(Items from a data source)
# # # # # # #

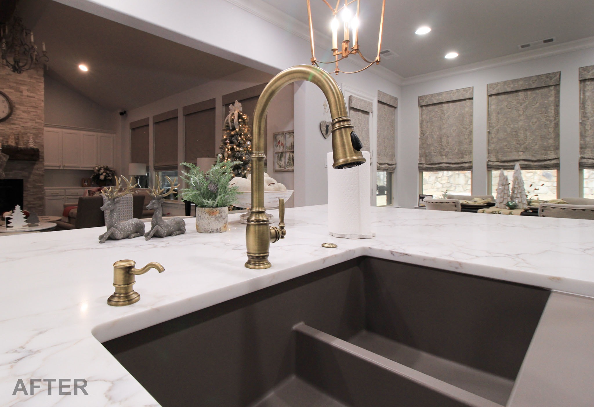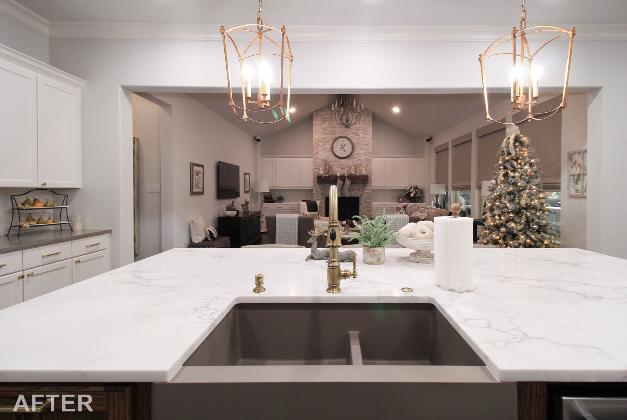 For durability, we used quartz countertops and a contrasting quartz backsplash, accented with a granite composite apron-front sink and warm gold fixtures.
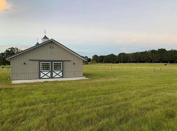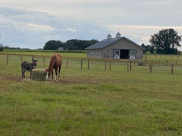 Barn for rent in Romeo, just a short 15 minute drive from the World Equestrian Center. Situated on a private 40-acre farm, the lease includes use of approximately 15 acres of pasture. The barn is equipped with 8 12X12 stalls, feed room, tack room, bathroom, 2 wash racks, an automatic fly spray system, StableComfort stall mattress system, and Nelson automatic waterers in each stall. An RV hookup is also available. There is a flat area to the left of the barn the previous tenants used as a jump field. This peaceful and well-maintained property offers a high-quality setup for boarding, training, or personal use. Please note: the full 40 acres is not included in the lease--only about 15 acres are available for use.
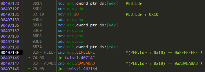 peb의 Ldr은(peb+0xc)는 _PEB_LDR_DATA 구조체를 가리키는데 Ldr을 사용한 안티디버깅 방법은 디버깅 중인 프로세스의 사용되지 않는 힙은 0xEEFEEEFE 혹은 0xABABABAB로 채워지는 특성을 이용한 방법이다. _PEB_LDR_DATA 구조체는 힙메모리 안에 있기 때문에 Ldr주소에서부터 메모리를 검사하면 디버깅 여부를 탐지할 수 있게된다.
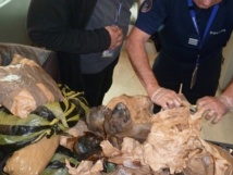 Comme dimanche, où les douanes ont saisi près de 14 kilos de singe, d'agouti (rongeur), de pangolin ou de thon en état de décomposition avancée.
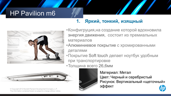 Подобный слайд показывали еще в Шанхае, когда иллюстрировали новый подход Hewlett-Packard к дизайну. Рассуждения и аналогии про спортсменов на старте мне показались малоактуальными, тем более что на этот ноутбук никто не будет смотреть из такого положения. Тем не менее, внешне М6 произвел на меня очень приятное впечатление.
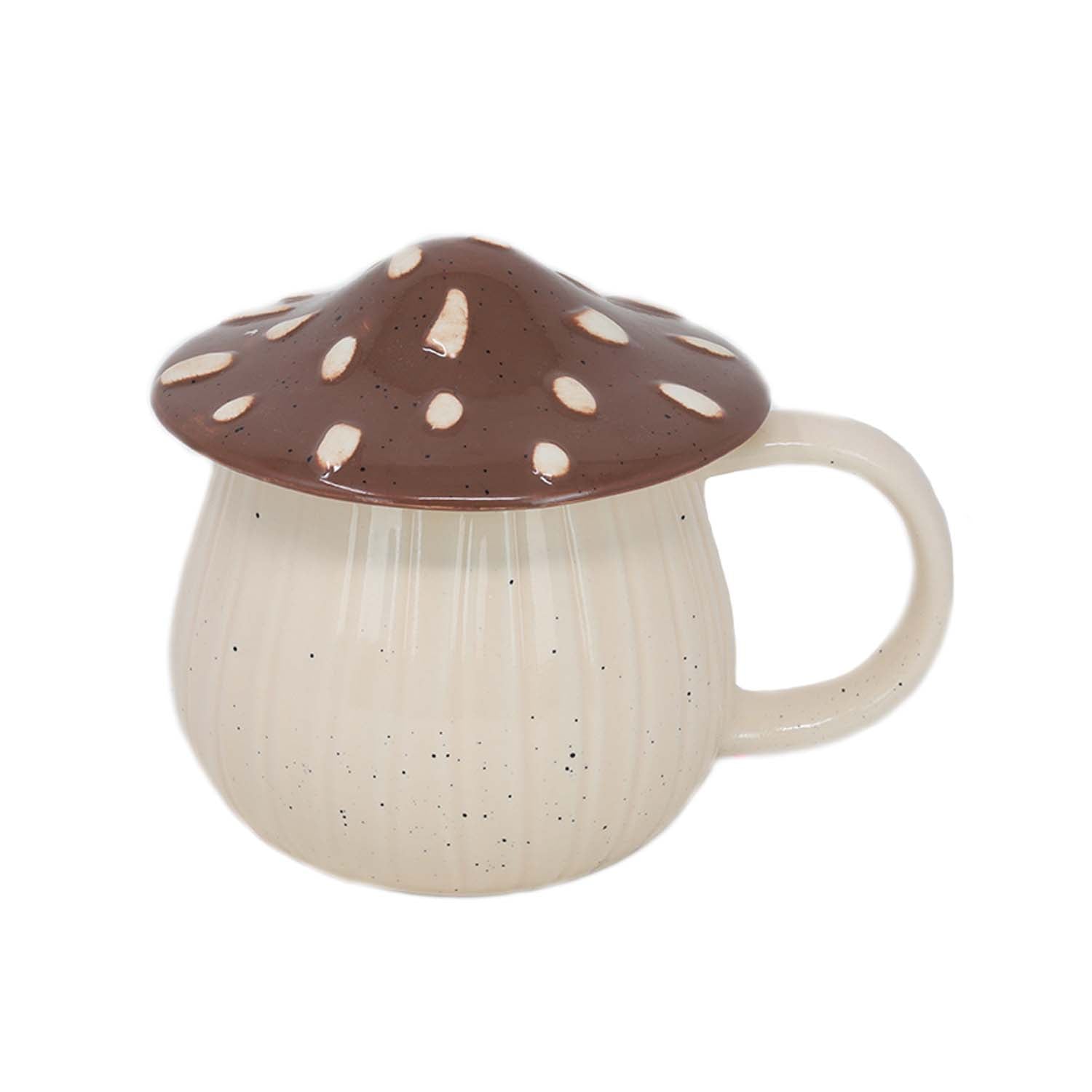 Sip your favourite beverage with this adorable 2pc mushroom-shaped stoneware mug set, complete with a mushroom cap lid for added charm. Featuring a neutral cream and brown colour palette, these round mugs combine whimsy with functionality, making it a perfect gift or addition to any rustic or nature-inspired kitchen decor. This mug set is designed for hand wash only and is not microwave safe.
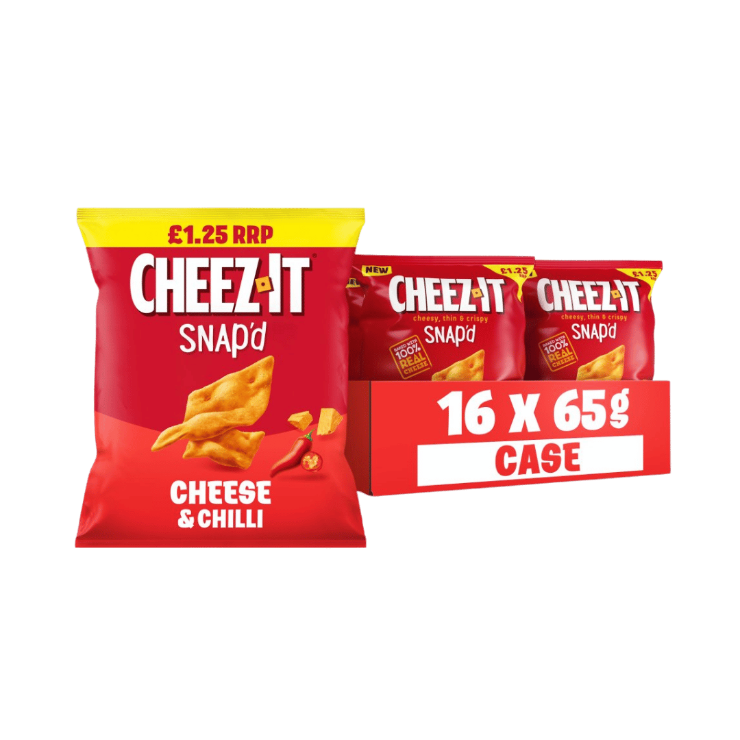 A bold, cheesy and lightly spicy snack that delivers a perfectly thin, crispy bite every time. Cheez-It Snap’d Cheese & Chilli Crisps are baked, not fried, giving you a light crunch packed with rich cheese flavour and a warming chilli kick.
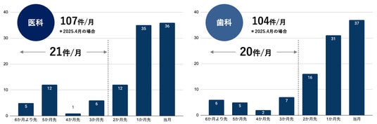 SCUELの「開業前事業所データセット」は、公開されている求人情報をもとに収集。2025年5月時点では、厚生局の開業届より前に、医科・歯科それぞれ100件以上の開業予定を把握しており、そのうち約20件は3か月以上先の予定情報です。
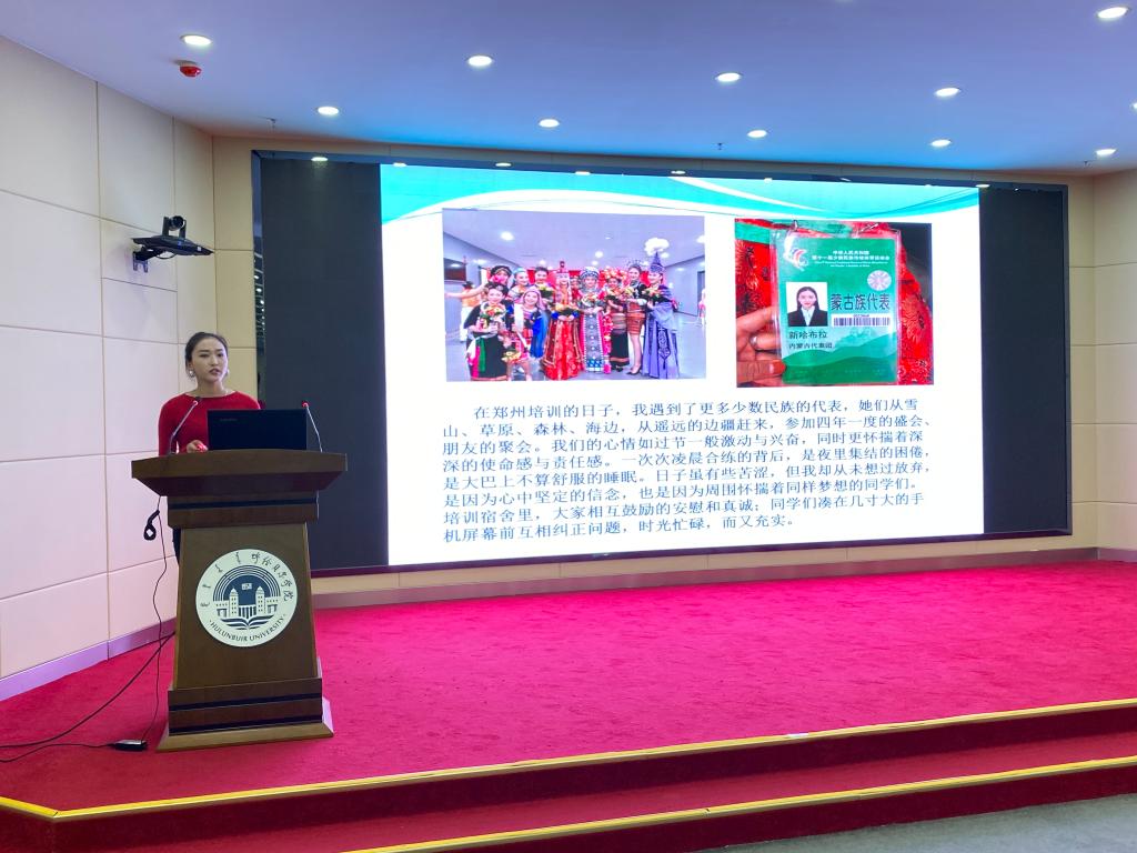 新哈布拉同学与大家分享了她作为蒙古族代表参加第十一届全国少数民族传统体育运动会的和国庆七十周年阅兵式和群众游行的故事。她怀揣着深深的使命感与责任感,用行动诠释了呼院志愿者的精神、责任与担当。尽管在训练期间烈日当空,蚊虫相伴,熬夜、通宵彩排都是家常便饭,嗓子喊哑了,胳膊挥舞酸了,双腿蹦疼了,额头出现红肿,后背湿透了,她也依然在微笑坚持,从未有过一句抱怨。她是草原上的一朵小花,在瘦弱的身体中充满着巨大的能量!向全国展现了内蒙古人民吃苦耐劳、一往无前的蒙古马精神!

# # # # # # #

--- EXERCISE BRIEF ---
Leave the pictures aside and transcribe only the lines from the one holding "Comme dimanche, où" through the final line of the records above.

--- OUTPUT FOR THIS TASK ---
 Comme dimanche, où les douanes ont saisi près de 14 kilos de singe, d'agouti (rongeur), de pangolin ou de thon en état de décomposition avancée.
 Подобный слайд показывали еще в Шанхае, когда иллюстрировали новый подход Hewlett-Packard к дизайну. Рассуждения и аналогии про спортсменов на старте мне показались малоактуальными, тем более что на этот ноутбук никто не будет смотреть из такого положения. Тем не менее, внешне М6 произвел на меня очень приятное впечатление.
 Sip your favourite beverage with this adorable 2pc mushroom-shaped stoneware mug set, complete with a mushroom cap lid for added charm. Featuring a neutral cream and brown colour palette, these round mugs combine whimsy with functionality, making it a perfect gift or addition to any rustic or nature-inspired kitchen decor. This mug set is designed for hand wash only and is not microwave safe.
 A bold, cheesy and lightly spicy snack that delivers a perfectly thin, crispy bite every time. Cheez-It Snap’d Cheese & Chilli Crisps are baked, not fried, giving you a light crunch packed with rich cheese flavour and a warming chilli kick.
 SCUELの「開業前事業所データセット」は、公開されている求人情報をもとに収集。2025年5月時点では、厚生局の開業届より前に、医科・歯科それぞれ100件以上の開業予定を把握しており、そのうち約20件は3か月以上先の予定情報です。
 新哈布拉同学与大家分享了她作为蒙古族代表参加第十一届全国少数民族传统体育运动会的和国庆七十周年阅兵式和群众游行的故事。她怀揣着深深的使命感与责任感,用行动诠释了呼院志愿者的精神、责任与担当。尽管在训练期间烈日当空,蚊虫相伴,熬夜、通宵彩排都是家常便饭,嗓子喊哑了,胳膊挥舞酸了,双腿蹦疼了,额头出现红肿,后背湿透了,她也依然在微笑坚持,从未有过一句抱怨。她是草原上的一朵小花,在瘦弱的身体中充满着巨大的能量!向全国展现了内蒙古人民吃苦耐劳、一往无前的蒙古马精神!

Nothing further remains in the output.